I was stunned yesterday to find out that Ray Bradbury had died on June 5th. I was also extremely saddened. The world has lost a fantastic writer, a brilliant mind, and a kind man.
I wish I could say that Ray Bradbury made me get into writing, but he did something better. He got me into thinking.
I was introduced to his writings through A Sound of Thunder when I was in eighth grade. Teachers kept slipping his work into their teachings and I was curious. Then, having been assigned to read Fahrenheit 451 during high school, I got hooked. The idea that someone could imagine these worlds, where life and society have fallen apart, was mind-blowing -- especially to a fifteen year old who hated people in general and society more than most.

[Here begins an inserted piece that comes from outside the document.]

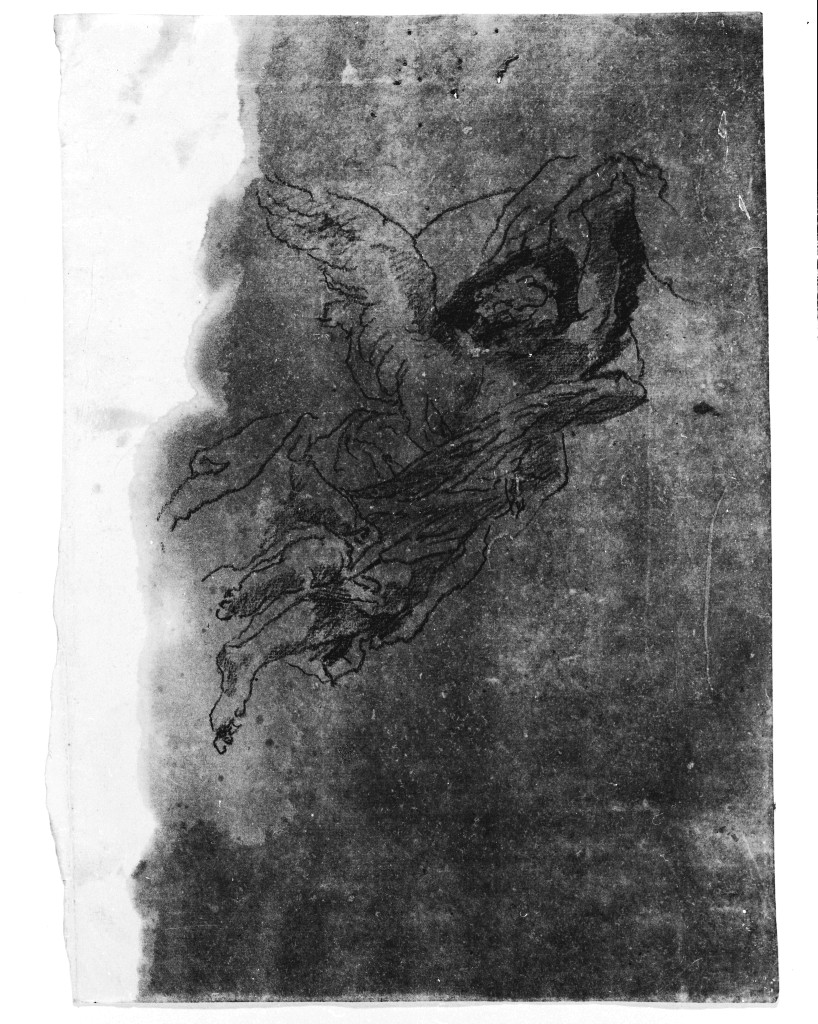 - NOTIZIE STORICO CRITICHE La carta appare oliata in larga misura, fatto che rende molto difficile la lettura del disegno e di conseguenza la certezza dell'autografia. Il soggetto, un angelo in volo, si ritrova in molte composizioni pittoriche di Giovan Battista Pittoni, secondo fattezze e atteggiamenti simili. Ancora una volta si tratta di un ricalco, dal segno meccanico e incerto, ripreso da una composizione pittoniana. Il soggetto, un angelo in volo, nella posizione dei piedi, della testa, delle ali si ritrova in molte composizioni pittoriche di Giovan Battista secondo fattezze e atteggiamenti simili, quali l'angelo in volo dipinto nel Martirio di sant'Orsola della chiesa di Sant'Orsola a Brescia (fig. 52)

There are other shorts we were fed that I can't remember the titles (and I have a huge anthology of his writings that I'm working through to find them) but I remember how his writings made me feel, how they made me think. I'm still furious that my university never offered the Bradbury class they kept promising before I graduated. Just the thought of being in a classroom full of people discussing Bradbury and his works makes me wistful.
Neil Gaiman wrote a remembrance of Ray Bradbury for the Guardian about the kind of man Bradbury was. How he would give half a day just to talk about writing with a kid. There's not a lot of people who do that these days. Yes, authors will get together with fans for coffee, for dinner, answer an email back with seven pages of answers and discussion, but a whole half day? Well, authors have lives too. I can't imagine any one, author or not, giving someone a whole half day in this day and age. He was extraordinary. The world has truly lost something precious with his passing.